What is required: The answer must be an exact printing of every record below, with the pictures omitted.
[Material provided]
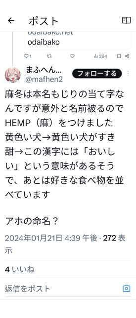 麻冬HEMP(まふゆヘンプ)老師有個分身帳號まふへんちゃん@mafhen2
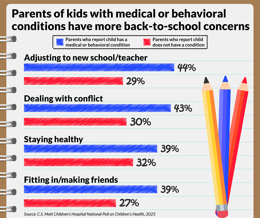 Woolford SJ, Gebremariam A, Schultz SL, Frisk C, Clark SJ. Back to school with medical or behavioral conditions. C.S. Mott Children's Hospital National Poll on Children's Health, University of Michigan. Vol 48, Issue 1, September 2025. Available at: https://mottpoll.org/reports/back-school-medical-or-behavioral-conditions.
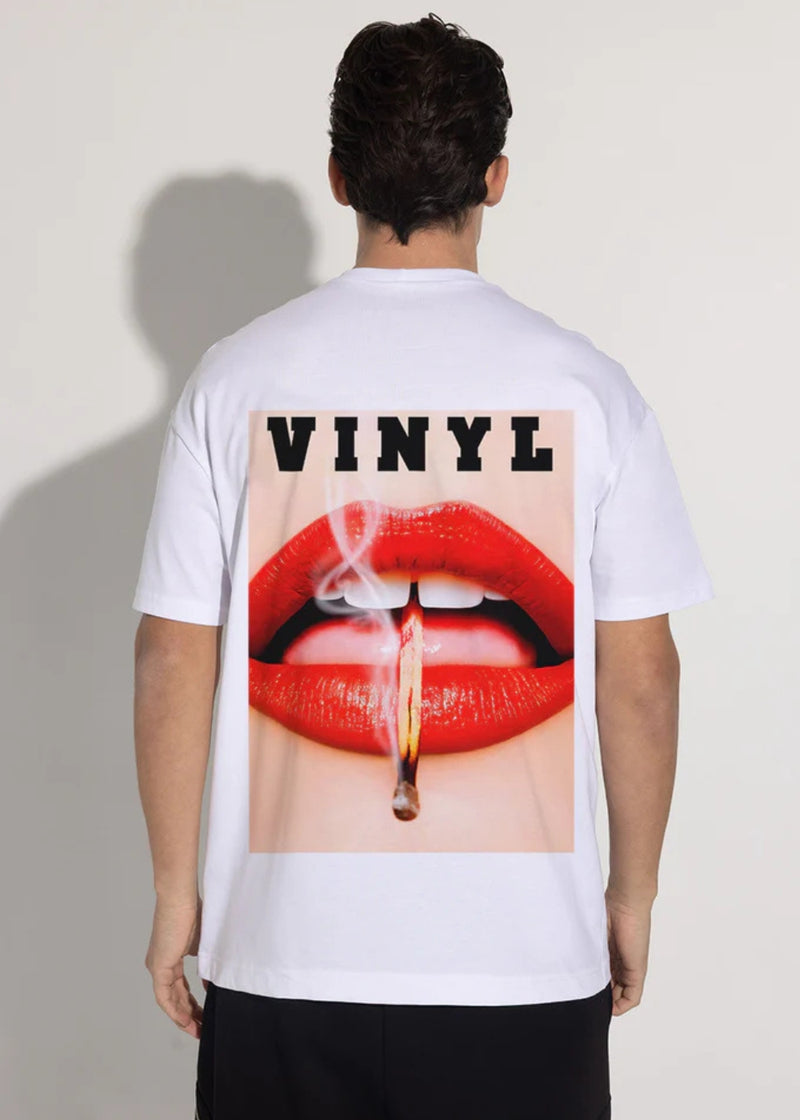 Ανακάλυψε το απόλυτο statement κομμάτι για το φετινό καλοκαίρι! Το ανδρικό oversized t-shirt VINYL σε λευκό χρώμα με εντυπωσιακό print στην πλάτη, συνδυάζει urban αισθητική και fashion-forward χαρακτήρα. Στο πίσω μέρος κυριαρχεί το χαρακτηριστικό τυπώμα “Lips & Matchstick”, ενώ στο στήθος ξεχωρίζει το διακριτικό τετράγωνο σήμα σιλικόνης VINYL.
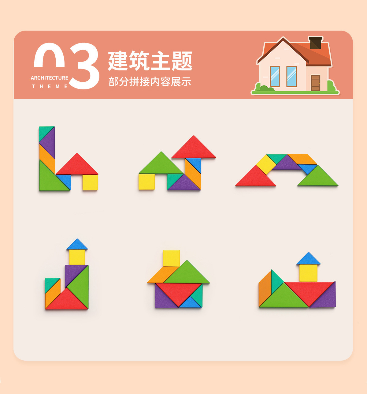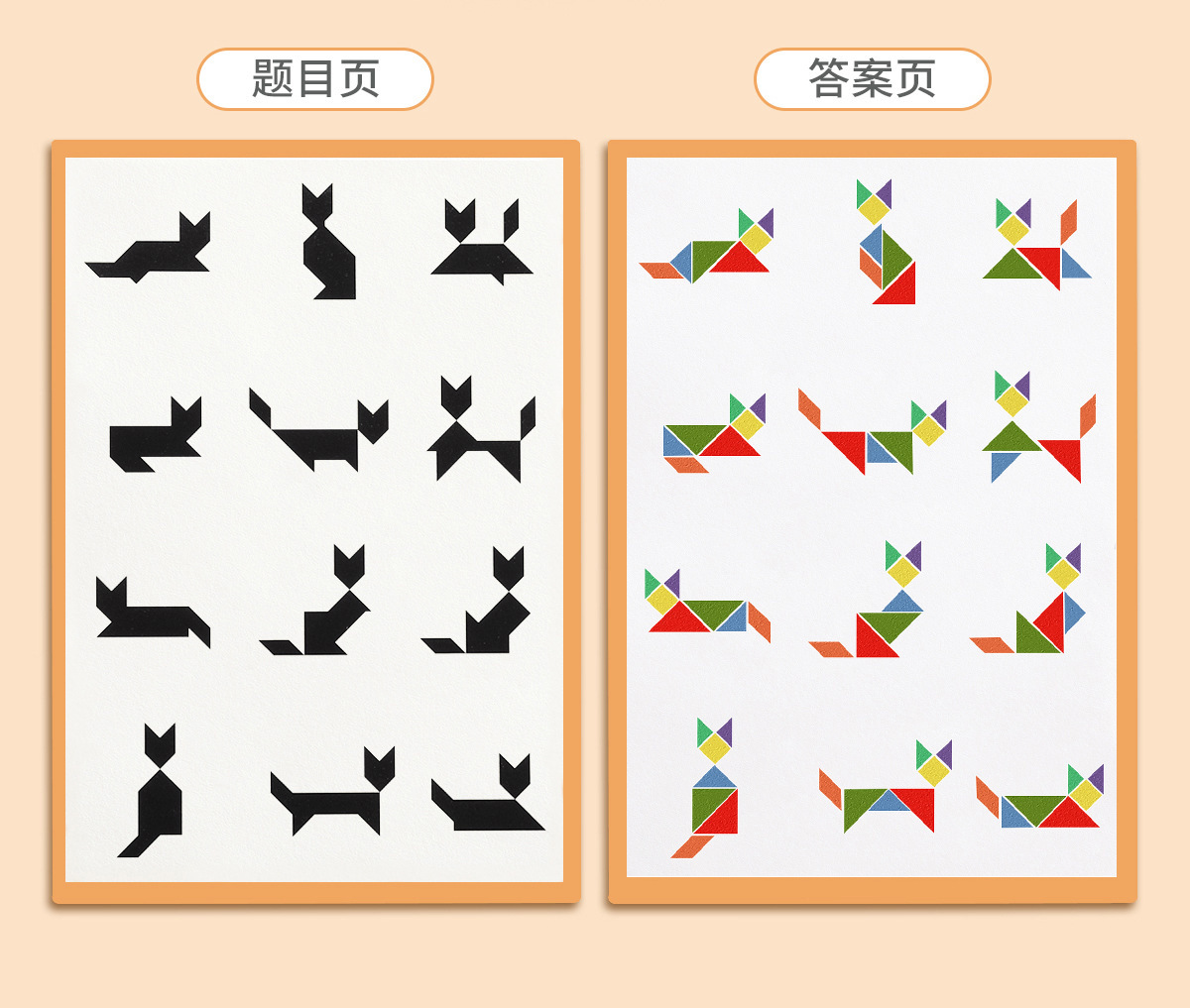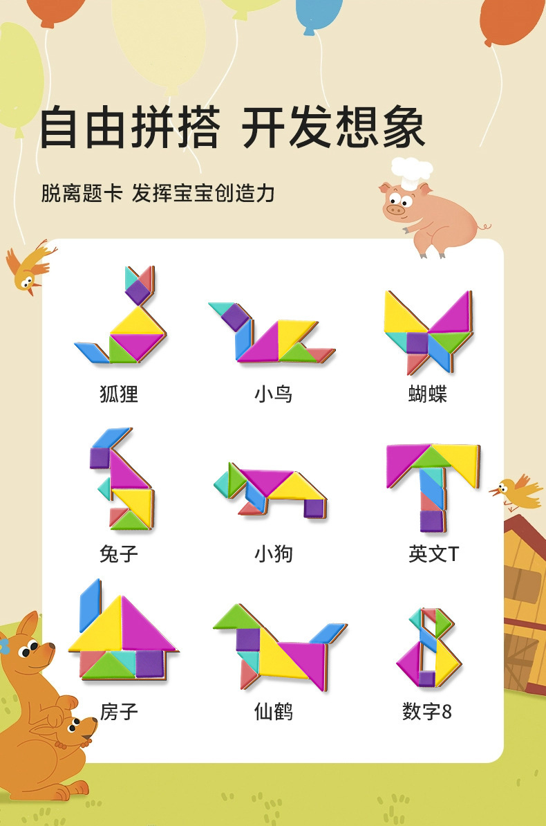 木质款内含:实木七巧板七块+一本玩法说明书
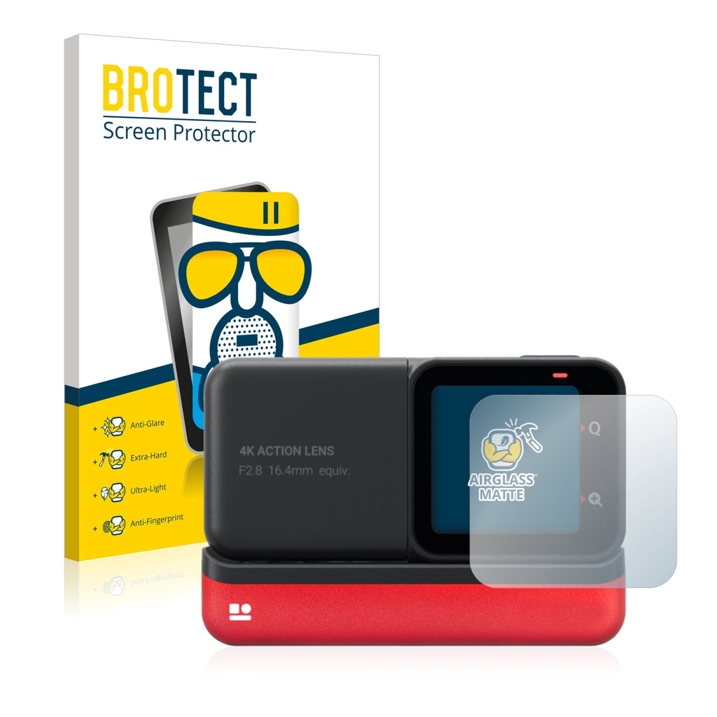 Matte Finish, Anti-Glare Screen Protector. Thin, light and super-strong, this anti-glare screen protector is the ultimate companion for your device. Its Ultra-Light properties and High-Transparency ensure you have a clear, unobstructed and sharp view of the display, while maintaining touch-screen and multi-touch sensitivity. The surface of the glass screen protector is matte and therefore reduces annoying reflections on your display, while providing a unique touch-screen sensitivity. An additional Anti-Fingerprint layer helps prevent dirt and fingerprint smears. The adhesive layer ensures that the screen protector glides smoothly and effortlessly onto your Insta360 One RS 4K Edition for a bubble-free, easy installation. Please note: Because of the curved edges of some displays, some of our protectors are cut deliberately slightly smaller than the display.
[/Material provided]
Answer below:
 麻冬HEMP(まふゆヘンプ)老師有個分身帳號まふへんちゃん@mafhen2
 Woolford SJ, Gebremariam A, Schultz SL, Frisk C, Clark SJ. Back to school with medical or behavioral conditions. C.S. Mott Children's Hospital National Poll on Children's Health, University of Michigan. Vol 48, Issue 1, September 2025. Available at: https://mottpoll.org/reports/back-school-medical-or-behavioral-conditions.
 Ανακάλυψε το απόλυτο statement κομμάτι για το φετινό καλοκαίρι! Το ανδρικό oversized t-shirt VINYL σε λευκό χρώμα με εντυπωσιακό print στην πλάτη, συνδυάζει urban αισθητική και fashion-forward χαρακτήρα. Στο πίσω μέρος κυριαρχεί το χαρακτηριστικό τυπώμα “Lips & Matchstick”, ενώ στο στήθος ξεχωρίζει το διακριτικό τετράγωνο σήμα σιλικόνης VINYL.
 木质款内含:实木七巧板七块+一本玩法说明书
 Matte Finish, Anti-Glare Screen Protector. Thin, light and super-strong, this anti-glare screen protector is the ultimate companion for your device. Its Ultra-Light properties and High-Transparency ensure you have a clear, unobstructed and sharp view of the display, while maintaining touch-screen and multi-touch sensitivity. The surface of the glass screen protector is matte and therefore reduces annoying reflections on your display, while providing a unique touch-screen sensitivity. An additional Anti-Fingerprint layer helps prevent dirt and fingerprint smears. The adhesive layer ensures that the screen protector glides smoothly and effortlessly onto your Insta360 One RS 4K Edition for a bubble-free, easy installation. Please note: Because of the curved edges of some displays, some of our protectors are cut deliberately slightly smaller than the display.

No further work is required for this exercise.